# Work to be completed:
Go through the listing below and write out exactly the lines from the one that mentions "I'm still learning." through the one that mentions "Building amenities include", minus the pictures.

# Data in this exercise:

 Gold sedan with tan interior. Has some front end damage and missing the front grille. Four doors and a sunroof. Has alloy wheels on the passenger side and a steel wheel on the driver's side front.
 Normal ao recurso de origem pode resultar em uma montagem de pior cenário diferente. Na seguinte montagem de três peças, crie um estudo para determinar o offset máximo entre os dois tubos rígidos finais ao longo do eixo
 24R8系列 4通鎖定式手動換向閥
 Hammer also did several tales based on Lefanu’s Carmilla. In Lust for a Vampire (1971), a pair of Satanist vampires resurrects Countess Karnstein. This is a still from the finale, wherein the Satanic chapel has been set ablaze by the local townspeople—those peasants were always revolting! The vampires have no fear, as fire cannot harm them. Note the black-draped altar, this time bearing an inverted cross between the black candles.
* * *
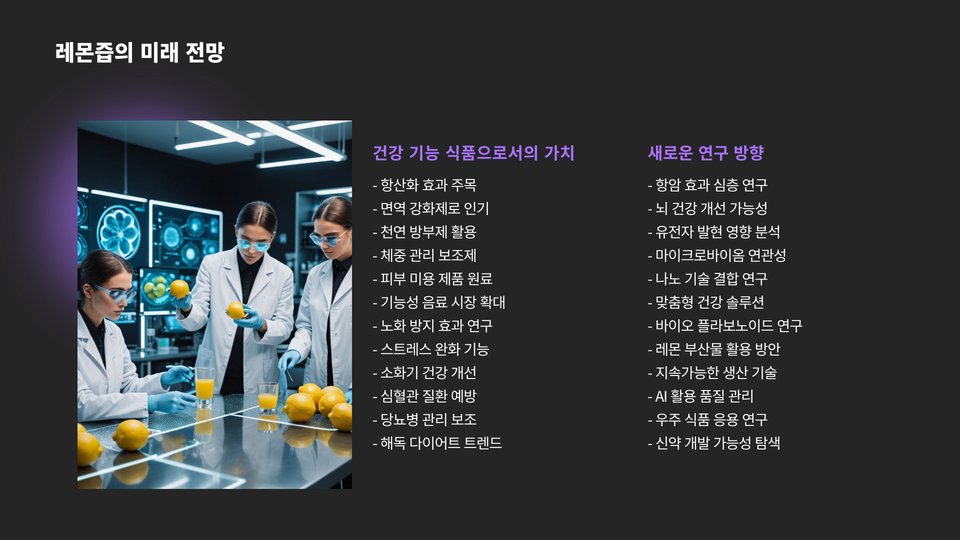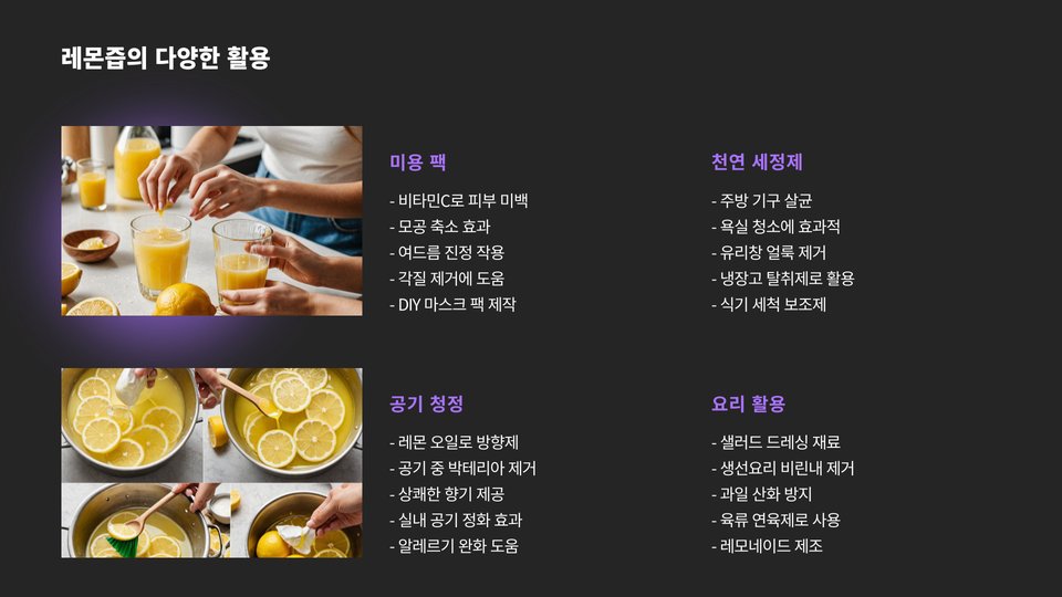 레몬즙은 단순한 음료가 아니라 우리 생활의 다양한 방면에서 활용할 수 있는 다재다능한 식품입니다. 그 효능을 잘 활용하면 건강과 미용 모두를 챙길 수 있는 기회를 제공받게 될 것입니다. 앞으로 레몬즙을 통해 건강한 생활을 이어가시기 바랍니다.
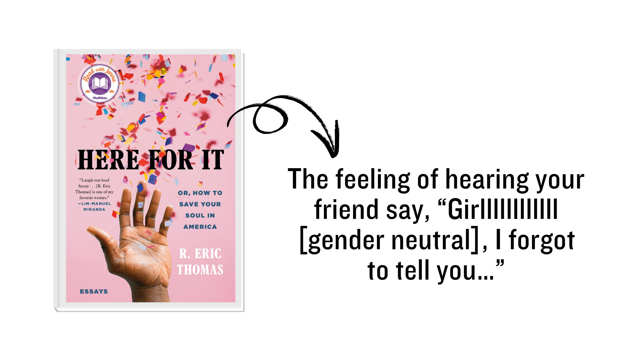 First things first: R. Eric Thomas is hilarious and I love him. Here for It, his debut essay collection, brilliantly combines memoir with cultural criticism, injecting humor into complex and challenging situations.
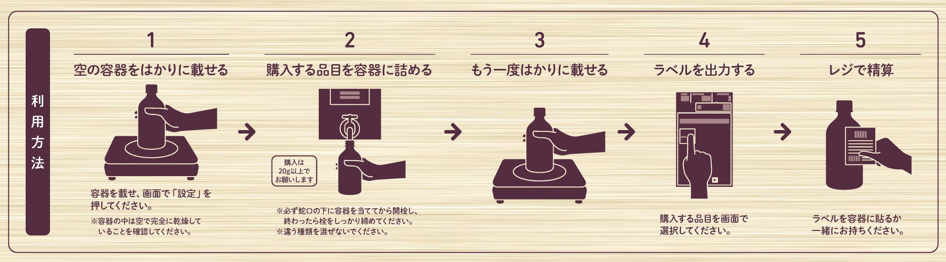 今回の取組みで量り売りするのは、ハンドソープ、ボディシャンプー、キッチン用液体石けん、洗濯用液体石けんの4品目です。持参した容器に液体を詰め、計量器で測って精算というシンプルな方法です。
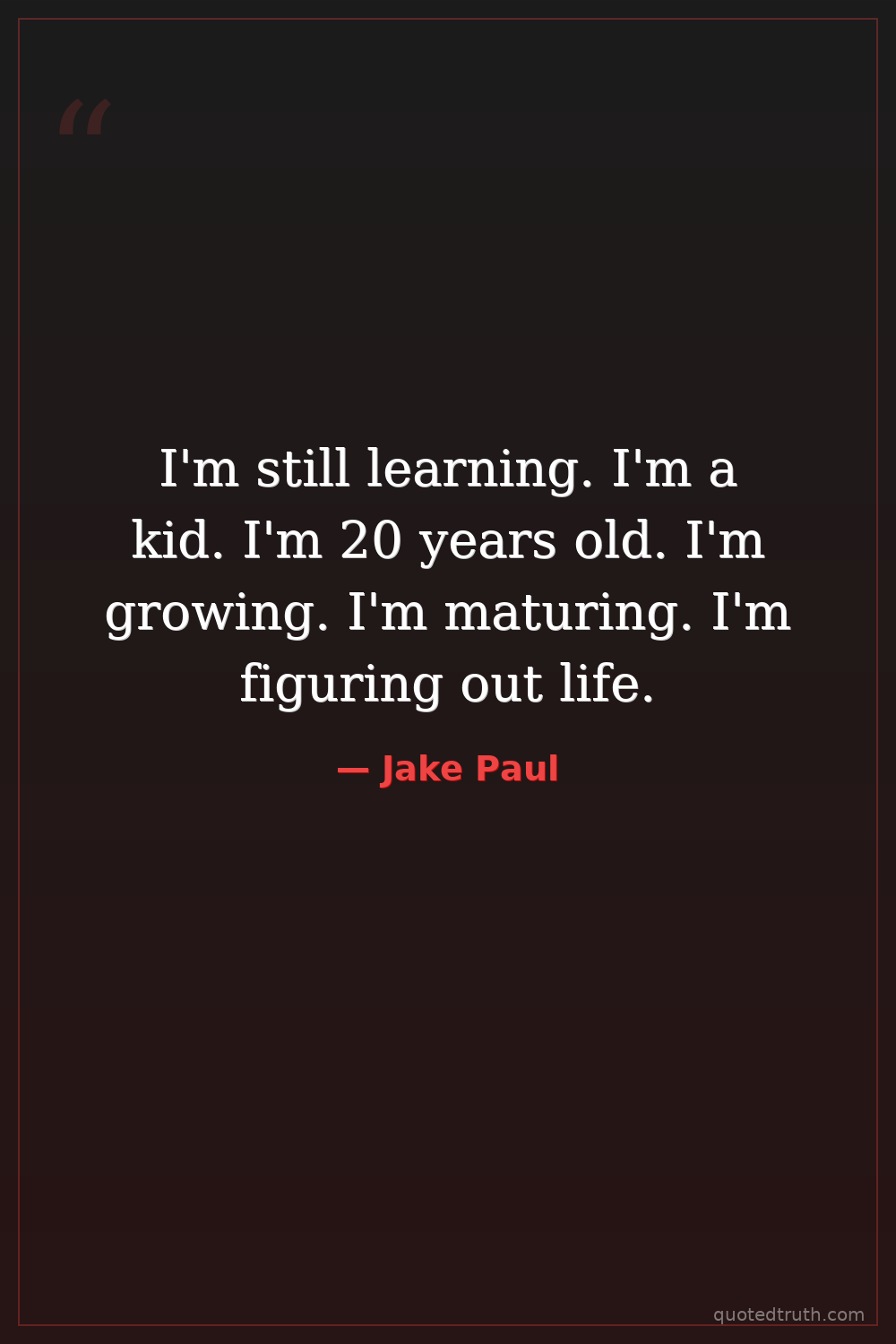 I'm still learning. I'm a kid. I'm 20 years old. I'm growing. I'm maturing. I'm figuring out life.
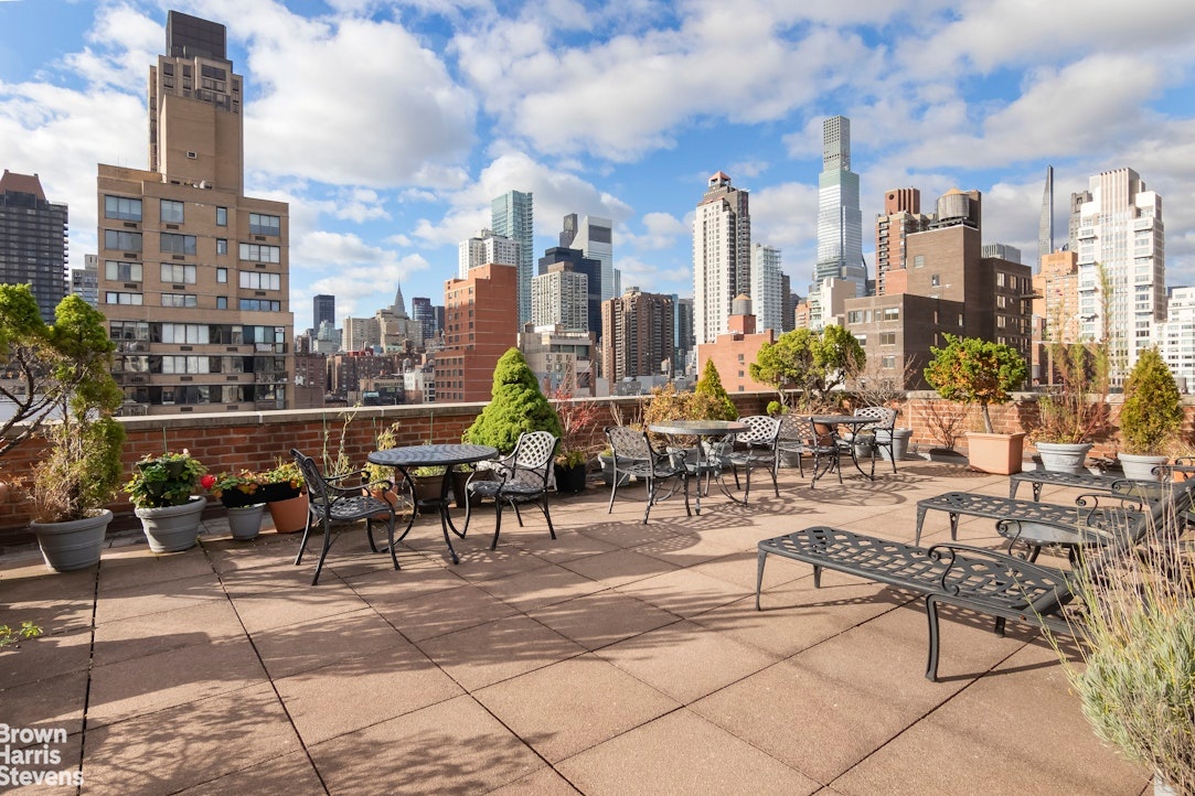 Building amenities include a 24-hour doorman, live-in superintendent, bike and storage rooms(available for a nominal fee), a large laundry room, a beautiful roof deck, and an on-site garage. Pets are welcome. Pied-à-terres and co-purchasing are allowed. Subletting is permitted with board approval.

# Answer section:
 I'm still learning. I'm a kid. I'm 20 years old. I'm growing. I'm maturing. I'm figuring out life.
 Building amenities include a 24-hour doorman, live-in superintendent, bike and storage rooms(available for a nominal fee), a large laundry room, a beautiful roof deck, and an on-site garage. Pets are welcome. Pied-à-terres and co-purchasing are allowed. Subletting is permitted with board approval.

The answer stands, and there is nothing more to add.